For a CGI program, we can use any programming language that produces an executable file. C, C++, FORTRAN, Perl, Python, UNIX scripts, Visual BASIC, AppleScript, and TCL are common choices.We use Perl because of its wide use in scientific databases, such as genomic databases.
The current module discusses Perl CGI program interface to HTML forms, and next module,"CGI Programs and Databases", covers Perl CGI program access of MySQL databases.
Communication Methods
AsFigure 1 in the module "Web Forms for Database Queries" shows, CGI is the interface for passing information between the web server and the CGI program, which is in Perl or another programming language.CGI accomplishes the communication through four methods:
- Environment variables
- Command line(This method is not used very much and will not be discussed.)
- Standard input
- Standard output
The web server presents the user with a form that he or she completes and submits.Using standard input and environment variables, the server sends the information from the form to the CGI program.The program transmits SQL requests to the database; and the database returns the appropriate information, which the program processes and communicates to the web server using the standard output method.
Quick Review Question #1
Select the method(s) that CGI uses for communication.
CGI Output
For communication from a CGI program to the user, such as after accessing the database and performing any processing, the program writes results to a MIME (Multipurpose Internet Mail Extension) encoded standard output file, and the web server returns this file to the browser.

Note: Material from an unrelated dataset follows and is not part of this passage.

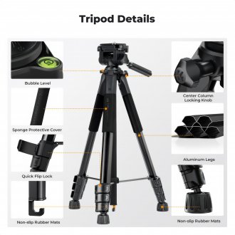 Statyw video K&F Concept S254A3 z głowicą BV01 i uchwytem na telefon - czarny
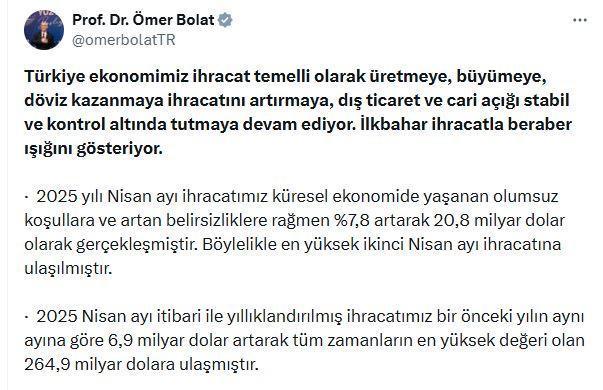 Ticaret Bakanı Ömer Bolat, dış ticaret istatistiklerine ilişkin sosyal medya hesabından açıklama yaptı. Bakan Bolat, Türkiye ekonomisinin ihracat temelli olarak büyümeye devam ettiğini belirterek, "İlkbahar, ihracatla beraber ışığını gösteriyor. 2025 yılı Nisan ayı ihracatımız, küresel ekonomide yaşanan olumsuz koşullara ve artan belirsizliklere rağmen yüzde 7,8 artarak 20,8 milyar dolar olarak gerçekleşmiştir. Böylelikle en yüksek ikinci nisan ayı ihracatına ulaşılmıştır. 2025 Nisan ayı itibarı ile yıllıklandırılmış ihracatımız bir önceki yılın aynı ayına göre 6,9 milyar dolar artarak tüm zamanların en yüksek değeri olan 264,9 milyar dolara ulaşmıştır. AB-27'nin yıllıklandırılmış ithalatının hala yatay seyrini koruması, tarife artışlarının getirdiği belirsizlik ve Çin'in ihracat fiyatlarını düşürmeye devam etmesiyle beraber gelen zorlu rekabet koşullarına rağmen ihracatımızda artış devam etmektedir" dedi.

On the web page "Atomic Weights and Isotopic Compositions of the Elements with Relative Atomic Masses," the user can specify output to be as a HTML Table, Pre-formatted ASCII, Table or Linearized ASCII Output.The latter two choices indicate an ASCII file, or text file, that is not a web page.In this case, the first line of output contains the content-type descriptor indicating plain text, as follows:
content-type: text/plain
Regardless of the content type, the second output line must be blank, so we display two newline characters, “\n\n”.Suppose in a Perl CGI program the variables $formula, $MolecularWt, $RegistryNum, and $ChemStruct have appropriate values from the database.The following code segment produces a text file displaying the data:
print “content-type: text/plain\n\n”;
print “Benzene\n\n”;
print “ * Formula $formula\n”;
print “ * Molecular Weight: $MolecularWt\n”;
print “ * CAS Registry Number: $RegistryNum\n”;
print “ * Chemical Structure: [$ChemStruct]\n”;
The text file that the browser displays is similar to the following:
Benzene
* Formula: C6H6
* Molecular Weight: 78.11
* CAS Registry Number: 71-43-2
* Chemical Structure: [C6H6]
For a web page, the first line of output contains a MIME content-type descriptor indicating an HTML document, as follows:
content-type: text/html
In the Perl program, we are careful to display a blank line after this output by using two newline characters, “\n\n”.Using the print function, we write HTML code to the standard output stream.Except for the content-type line, use of '\n' is optional but avoids having the HTML code output appear on one line.For the web page to have a paragraph or line break, we write the tag <p> or <br> to the output, as on the third-from-the bottom line in the following segment:
print "content-type: text/html \n\n";
print "<html><head>\n";
print "<title>Benzene Search Results</title>\n";
print "</head><body>\n";
print "<h1>Benzene</h1>\n";
print "<ul>\n";
print "<li>Formula: " << formula << endl;
print "<li>Molecular Weight: " << MolecularWt << endl;
print "<li>CAS Registry Number: " << RegistryNum << endl;
print "<li>Chemical Structure: [" << ChemStruct<< "]" << endl;
print "</ul>\n";
print "<center>If you have comments or questions,<br>\n”;
print "please contact us.</center>\n";
print "</body></html>\n";
The segment generates the following output:
content-type: text/html
<html>
<head>
<title>Benzene Search Results</title>
</head>
<body>
<h1>Benzene</h1>
<ul>
<li>Formula: C6H6
<li>Molecular Weight: 78.11
<li>CAS Registry Number: 71-43-2
<li>Chemical Structure: [C6H6]
</ul>
<center>If you have comments or questions,<br>
please contact us.</center>
</body>
</html>
Click here to view the resulting web page.
Quick Review Question #2
Have no blanks in your answer and use all lowercase.
CGI Input
We employ forms to enter data or query a database via the web.A CGI program must obtain this data before accessing the database.For example, using the "Atomic Weights and Isotopic Compositions of the Elements with Relative Atomic Masses," suppose we type "Li" for the atomic symbol of lithium, choose "HTML Table," and click "Get Data".(Page "Atomic Weights and Isotopic Compositions of the Elements with Relative Atomic Masses" is derived from one athttp://physics.nist.gov/PhysRefData/Compositions/index.html.)With the form method get, the URL for the result is as follows:
http://physics.nist.gov/cgi-bin/Compositions/stand_alone.pl?ele=Li&ascii=html
After the question mark (?), the CGI query string contains a list of name-value pairs.For example, in the "Atomic Symbol or Number" text box we typed "Li", and HTML code reveals that the name of this text box is ele.Thus, the URL string contains "ele=Li".Similarly, the string also contains "ascii=html" because, we selected the button with value "html" from the ascii radio button group.An ampersand (&) separates these name-value pairs.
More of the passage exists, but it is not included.